Por Lidia Sanchis / Viñeta: L’Avi. Viernes, 8 de septiembre de 2017

@lidia_sanchis

Supongo que se llamaría Antonio o Francisco, pero todos lo llamaban “el Menta”. Por lo verde que es, decían los chiquillos de la urbanización como explicación sin que algunos otros la entendieran. Pero la aceptaban como aceptaban las dos horas de pausa después de comer y antes de bañarse –una regla que no regía si el baño era en la ducha y no en el mar o en la piscina– o que andar descalzo era perjudicial para la vista. El Menta era, para la mayoría, el tonto del pueblo: alguien con una carencia o tara en la cognición que situaba al hombre –ni joven ni viejo, ni guapo ni repulsivo– en la frontera misma de la normalidad. Antonio (o Francisco) lucía bañadores imposibles, de colores y estampados llamativos, de un tejido como acolchado y, en algunos casos, adornados con un cinturón. Antes de lanzarse al agua de la piscina, ejecutaba una serie de posturas y ejercicios ridículos que los niños observábamos con burla o con pena. O con las dos cosas a la vez. El Menta jamás impresionó a ninguna mujer menor de 60 años aunque era evidente que ese y no otro era su propósito. Las jóvenes lo observaban con risa; las mayores, con compasión. Y cuando finalmente ese cuerpo de piernas y brazos cortos que jamás consiguió arrancar un suspiro de amor se lanzaba al agua, la chiquillería aplaudía como si hubiera asistido a un espectáculo de circo. Pero a pesar de su tosquedad y de sus pocas entendederas, Francisco (o Antonio) tenía alma de poeta: “Tú no tendrías que morirte nunca” era su piropo preferido cuando se acercaba a una mujer bonita, un verso que acompañaba de una mirada cargada de picardía, generalmente al escote de la afortunada.

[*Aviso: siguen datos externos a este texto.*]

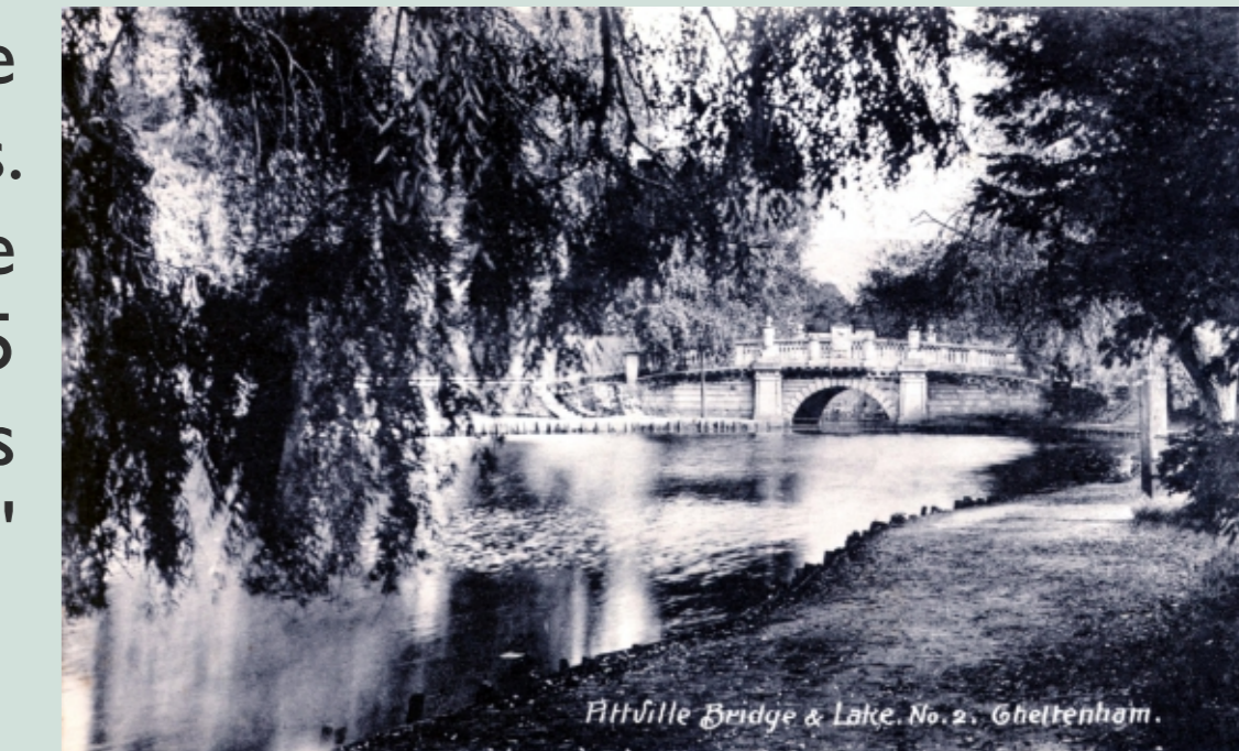
Pittville Lake and East Bridge, postcard circa 1910

Wyman's Brook was dammed to form the Upper Lake, as it was known from the 1890s. The lake and two stone bridges follow the original plan of 1826. George Rowe's 1845 Illustrated Cheltenham Guide noted that its banks were 'overhung with weeping willows' with 'a gravel path winding along its margin'.

Era un personaje de otra época, una en la que el tiempo se medía entre el día del cumpleaños de ella, justo a mitad de año, y el final del verano, que ella situaba en el 17 de agosto, cuando ya habían acabado las fiestas de la Virgen y San Roque. En ese mes y medio se producía una alta condensación de materiales que explotaría en algún momento del invierno y cuya expansión iba a durar toda la vida. Como diría cualquier escolar, los seres vivos nacen, viven, se reproducen y mueren. Pero antes de morir han guardado en una cajita los recuerdos de la vida que pasa, incluso de lo que nunca ha sucedido pero que imaginan tan vivamente y tantas veces que es como si hubiera ocurrido ayer. Su recuerdo más querido. Así, quizá no hubo un primer beso en agosto. O quizá no fuera agosto. O quizá no hubo ningún beso. Puede que él nunca dijera que ella tenía los ojos más tristes del mundo. Probablemente, fue ella quien guardó aquel recuerdo igual que atesoraba palabras no dichas, hechos imaginarios, sentimientos apetecidos. Pero es que ella vivía en la inocencia. En aquellos veranos, todos –niños y viejos; guapos y repulsivos; cobardes y valientes que se metían en el agua justo después de comer– vivíamos en la inocencia de que no habíamos de morir nunca. Pero aquello acabó. Acabó muchas veces: cada 17 de agosto hubo un fin del verano.